Denitrification within the sediments and epiphyton of tropical macrophyte stands

Document Type

Journal Article

Publication Title

Inland Waters


Taylor & Francis


School of Science / Centre for Marine Ecosystems Research




Queensland Government Advance Queensland Industry Engagement Program Australian Government National Environmental Sciences Program Wetlands Team Reef Water Quality Program


Adame, M. F., Waltham, N. J., Iram, N., Farahani, B. S., Salinas, C., Burford, M., & Ronan, M. (2021). Denitrification within the sediments and epiphyton of tropical macrophyte stands. Inland Waters, 11(3), 257-266. https://doi.org/10.1080/20442041.2021.1902214


Excess nitrogen (N) is one of the most widespread and serious pollutants in the environment, but wetlands can reduce N loads, ameliorating its damaging effects downstream. Tropical wetlands are highly productive and experience high temperatures year-round, resulting in potentially high denitrification rates. However, few measurements of denitrification have been reported for tropical wetlands. In this study, we measured denitrification within stands of macrophytes at the edge of a tropical lake (900 m length, 4 m deep) in Australia. We compared denitrification rates among sediments under emergent grass (giant bulrush, Actinoscirpus grossus), sediments under floating waterlilies (Nymphae spp.), and sediments from the deeper sections of the lagoon with no macrophytes. We also measured the denitrification and primary productivity of the epiphyton on macrophytes and compared the rates with those from the sediment. Denitrification in the sediment was higher (Dt = 3.3–52 mg m−2h−1) than denitrification of the epiphyton (Dt = 1.9–3.6 mg m−2h−1) and was mostly coupled with nitrification (Dn).

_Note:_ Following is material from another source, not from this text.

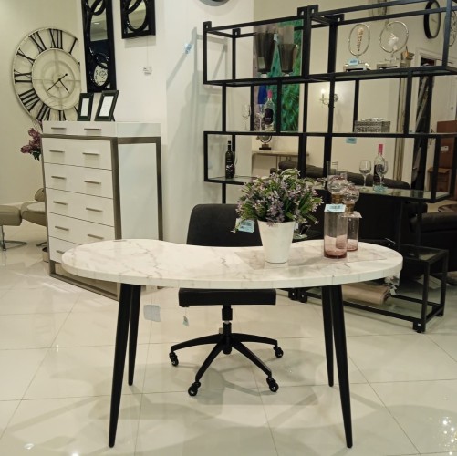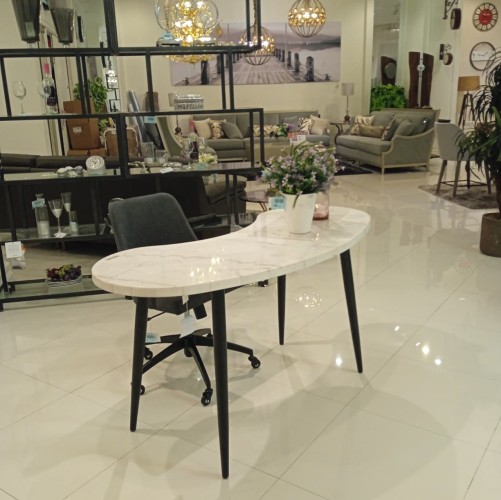 Kinsley White Marble Kinsney Shape Desk (STS KS200DL + STS KS200DT)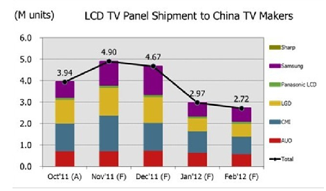 - 2012首季中國(guó)電視面板需求將下降

Denitrification was highest in sediments rich in organic carbon (32.3%) and N (1.4%), and during times of the year when nitrates (NOx−-N = NO2−-N + NO3−-N) concentrations were relatively high ( > 0.10 mg L−1). Denitrification was lowest in sediments with no macrophytes, which comprised most of the lake area. Denitrification rates of sediments under these macrophyte stands were among the highest values measured for natural wetlands and highlight the potential role of this process in ameliorating N pollution in tropical catchments.